A second consecutive chaotic and stressful holiday season is over. And just like last year, it’s tempting to close the books on it and never look back. However, that would be a mistake. There are always lessons to be learned from Christmas Past that can help with our Christmas Future.
Here are five digital marketing takeaways to carry with you into your planning sessions for this year and the upcoming holiday season:
1. Early Start to Holiday Season Has Staying Power
Bemoan the Christmas creep all you want, but October is now officially part of the holiday season. Supply chain problems — on both the supply and delivery end — have spurred more consumers than ever to buy their gifts early.
In fact, nearly half of consumers started their holiday buying before November last year, according to the NRF. While that’s up significantly from previous years, early shopping has always been popular, with around 40% of consumers buying before November on average over the past decade. So we probably should have been including October in the holiday season all along.
2. Marquee Shopping Days Are Losing Luster
The Thanksgiving-to-Cyber Monday time period is still a huge sales generator, and a great time for marketing efforts. For example, Black Friday and Cyber Monday were respectively the No. 1 and No. 2 highest days of the year in terms of revenue per email, according to Oracle Marketing Consulting data.
However, these days have been slipping in importance. Thanksgiving has declined because more stores are closing out of respect for the holiday and for employees. And Black Friday has diminished because it’s traditionally been an in-store sales day and the pandemic has kept shoppers away.
While these marquee shopping days have declined, the surrounding shopping days have more than picked up the slack, which brings us to the next takeaway …

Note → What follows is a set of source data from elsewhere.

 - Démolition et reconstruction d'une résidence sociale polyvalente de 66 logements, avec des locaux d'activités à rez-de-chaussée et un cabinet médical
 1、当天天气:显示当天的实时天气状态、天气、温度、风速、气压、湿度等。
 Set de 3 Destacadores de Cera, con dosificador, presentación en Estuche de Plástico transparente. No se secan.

3. Adopt Wider Windows for Measuring Performance
Whether you’re looking at the performance of your stores, website, email marketing or another channel, comparing days year over year makes less and less sense given changing consumer behaviors. For example, Black Friday and Cyber Monday shopping has spread out from those days, making it more insightful to examine the performance of Black Friday week and Cyber Monday week instead. In general, trailing 7-day time periods are much more useful than looking at single days.

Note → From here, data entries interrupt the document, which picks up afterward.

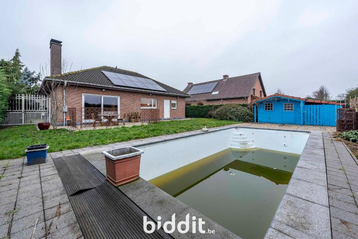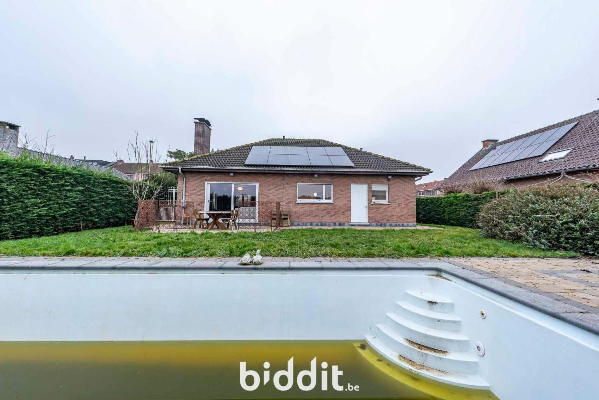 Bungalow prêt à emménager comprenant trois chambres à coucher, un garage et un grand jardin, situé dans un lotissement. La maison est équipée d'un chauffage central au gaz et de panneaux solaires sur le toit. Aucune rénovation énergétique n'est requise.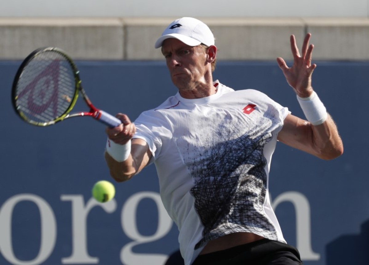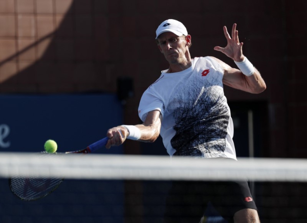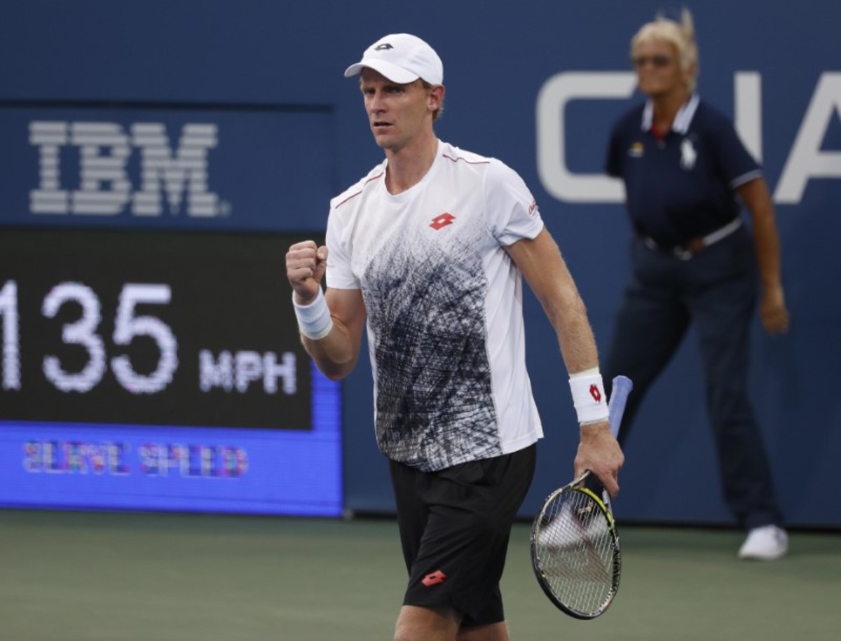Aug 29, 2018; New York, NY, USA; Kevin Anderson of South Africa hits to Jeremy Chardy of France in a second round match on day three of the 2018 U.S. Open tennis tournament at USTA Billie Jean King National Tennis Center. Mandatory Credit: Jerry Lai-USA TODAY SportsAug 29, 2018; New York, NY, USA; Kevin Anderson of South Africa hits to Jeremy Chardy of France in a second round match on day three of the 2018 U.S. Open tennis tournament at USTA Billie Jean King National Tennis Center. Mandatory Credit: Jerry Lai-USA TODAY Sports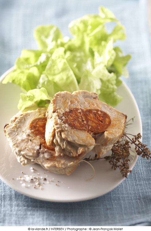 Pour être plus festif : envelopper complètement de tranches de jambon cru le rôti farci avant de le ficeler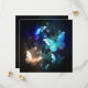Fabulous, glowing, blue and yellow, night butterfly on dark background.

Beyond that, when looking at holiday performance on a monthly or season-long basis, remember to include October as mentioned above. Disregarding all of the demand that has been pulled forward into October over the past two years will surely lead to artificially depressed holiday sales numbers.
4. Improve Cross-Channel Attribution
One feature of the pandemic has been the huge jump in ecommerce sales in 2020 — due to store closures, store capacity restrictions, and overall health and safety concerns — followed in 2021 by a rebound in store traffic and a return to more typical ecommerce growth. While that has caused legitimate soul searching about the future role of stores, it has also distorted the perceived performance of many of our channels because of antiquated attribution models.
For example, email marketing programs had a banner year in 2020 because of reduced store activity. That caused many more promotional email subscribers to click through and make purchases that could easily be attributed back to email. However, as stores regained some of their influence in 2021, some subscribers reverted back to old behaviors such as getting an email from a brand and then going to their local store to convert. Most retailers aren’t able to capture this well-established and common email behavior, so email performance appeared to suffer last year. If Apple’s Mail Privacy Protection hasn’t caused your company to take a more holistic approach to measuring customer activity, then these pandemic-driven shifts in channel usage should.